Glance at a guy they like, then look away, then look again.
“Solitary dance”- in a bar, etc., will get up, move away from group and move to the music to attract attention and separate themselves (as display to be singled out and noticed)
Laugh a lot more than the others in the group in response to a guy she likes.
Will lightly touch a person she likes when given the opportunity.
Will stroke her hair frequently while looking at a guy she finds attractive.
This also exposes her neck to the guy. (submission gesture).
Will cross legs with the top leg facing the person she likes (“closing them in”).

WALKING
Rolls hips when she walks.
Pelvic tilt – emphasizes waist to hip ratio (a waist that is 70% of the hip size is most attractive to men)
Take advantage of any reflection to check out their appearance (in a window, mirror).
Will erect/straighten up posture upon standing, extend chest, tighten stomach,
place one hand on upper stomach and lightly “brush” clothes “downward” with other hand.
Women tend to stand ankles together, legs touching all the way from top to bottom.
How about playing with shoes when seated?

SPEECH
talk softer.
talk more about feelings, relationships and people.
listen carefully and attentively for a long period without interrupting.
Men tend to give a quick "thanks" while women say "thank you" in an extended sweet manor which much inflection.

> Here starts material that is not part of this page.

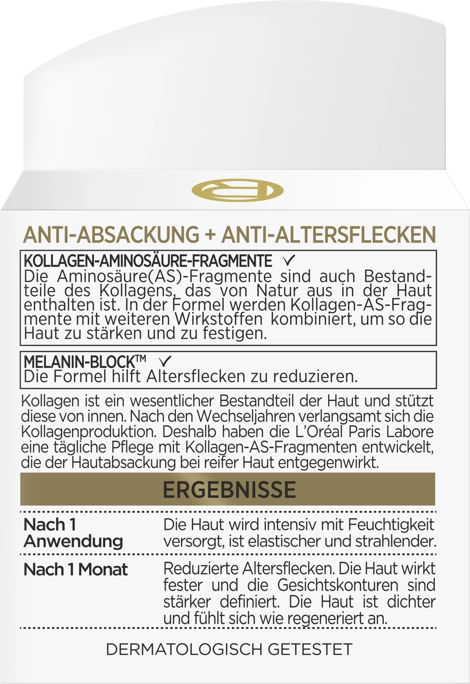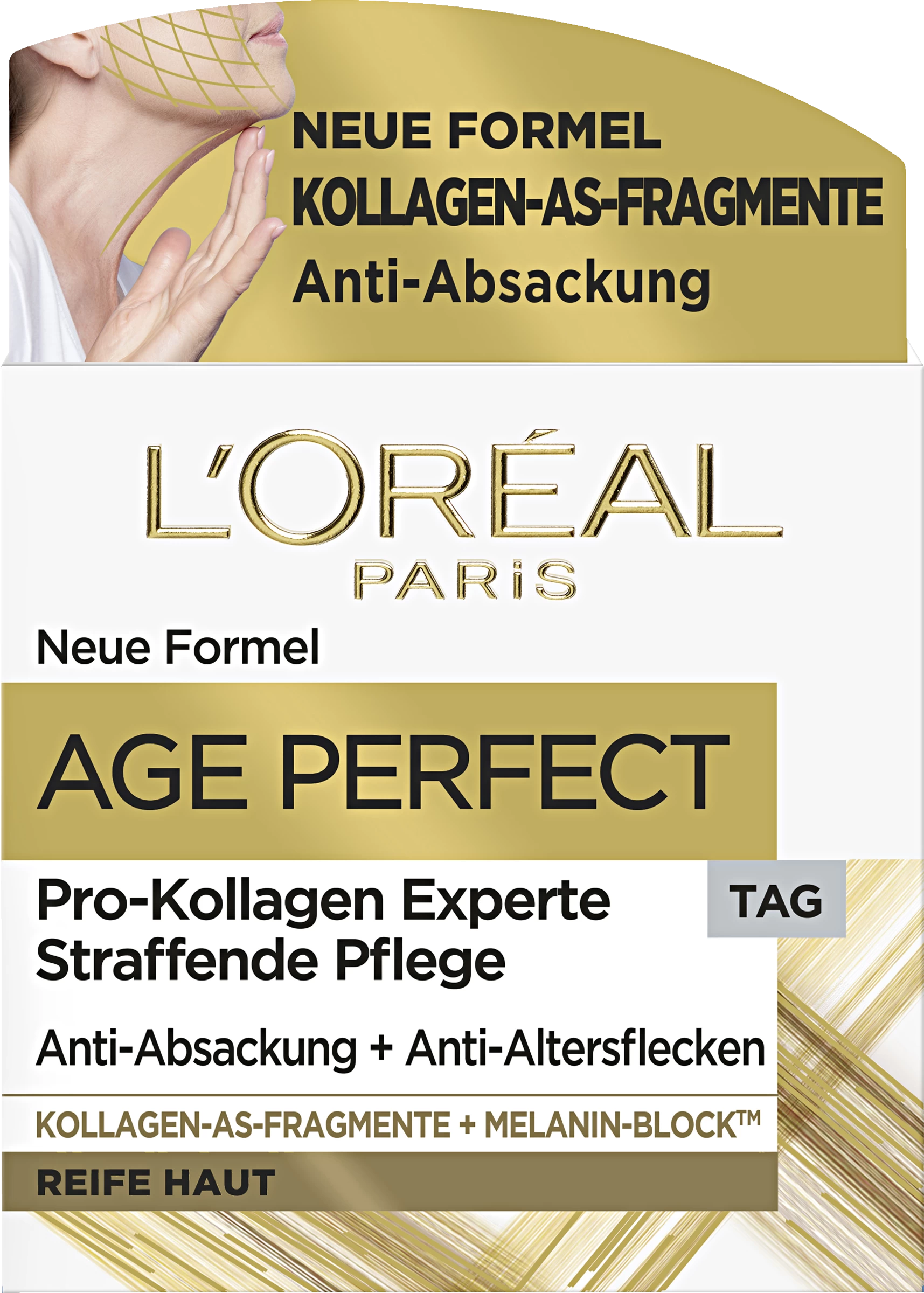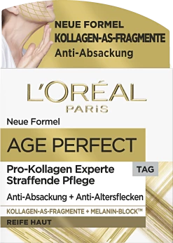 Die Age Perfect Pro-Kollagen Experte Tagescreme mit der wirkungsvollen Kraft von Kollagen-AS-Fragmente wirkt der Hautabsackung entgegen und stimuliert die Stützfasern der Haut für mehr Straffheit.

Men say "So" or "Go". Many women say "Seo" or "Geo". The "e" being pronounced like the "e" in the word "set". Men say "what" women say "wet".
Some women tend to accentuate the letter "S" every chance they can get which is where I believe the term swishy came from. They pronounce their Ts more distinctly then men. Sometimes men don't pronounce the "T" at all
Men in general have a more relaxed enunciation where as women tend enunciate every consonant and vowel.
Men's voices come from lower in the larynx than a woman's which most full timers modify to give a more realistic woman's voice.
Women tend to use pronounced inflection especially while giving a salutation.